L introduces a new RDD type, SchemaRDD, that can be defined in the same way that traditional database tables are defined. SchemaRDD consists of row objects that define column data types. SchemaRDD can be converted from RDD, read from a Parquet file, or obtained from Hive using HiveQL.

  • The built-in Catalyst query optimization framework, after parsing SQL into logical execution plans, uses some classes and interfaces in the Catalyst package to perform some simple execution plan optimization, which finally becomes RDD calculation
  • You can mix data from different sources in your application, such as joining data from HiveQL with data from SQL

Shark improves SQL-on-Hadoop performance by 10-100 times compared to Hive. How does SparkSQL perform without Hive? While Shark doesn’t have the same dramatic performance improvement as Hive, it still performs very well, as shown in the following figure:

Why is sparkSQL getting such a big performance boost? The main sparkSQL optimizations are as follows:

  • In-memory Columnar Storage sparkSQL table data is stored In Memory by in-memory Columnar Storage instead of the original JVM object Storage.
  • Bytecode Generation Spark1.1.0 added the CodeGen module to the Catalyst module, which uses dynamic Bytecode Generation technology to dynamically compile matching expressions with specific code. In addition, ALL SQL expressions are CG optimized, and the realization of CG optimization mainly relies on runtime Reflection of Scala2.10.
  • SparkSQL tries to avoid inefficient, GC prone code when writing code in Scala; Although it makes writing code more difficult, the interface is unified for users.
  • BlinkDB is a massively parallel query engine for running interactive SQL queries on massive amounts of data. It allows users to improve query response time by balancing data accuracy within an allowable margin of error. To achieve this, BlinkDB uses two core ideas:

An adaptive optimization framework to build and maintain a set of multidimensional samples from raw data over time; A dynamic sample selection strategy that selects an appropriately sized sample based on the accuracy and/or response time requirements of the query.

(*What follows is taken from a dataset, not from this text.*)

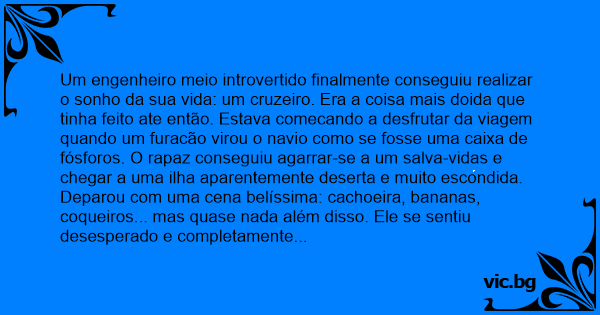 * Mas não é água de coco! Eu tenho um alambique meio rudimentar lá fora, de forma que podemos tomar Pinas-coladas autênticas! Tentando esconder a surpresa, o engenheiro aceitou. Sentaram no sofá dela para conversar. Depois de contarem suas histórias, a moca perguntou:

Unlike traditional relational databases, BlinkDB is an interesting interactive query system, like a seesaw, where users have to make trade-offs between query accuracy and query time. If the user wants to get the query results faster, the accuracy of the query results will be sacrificed. Similarly, users need to sacrifice query response time if they want to obtain higher precision query results. Users can define an error boundary at query time.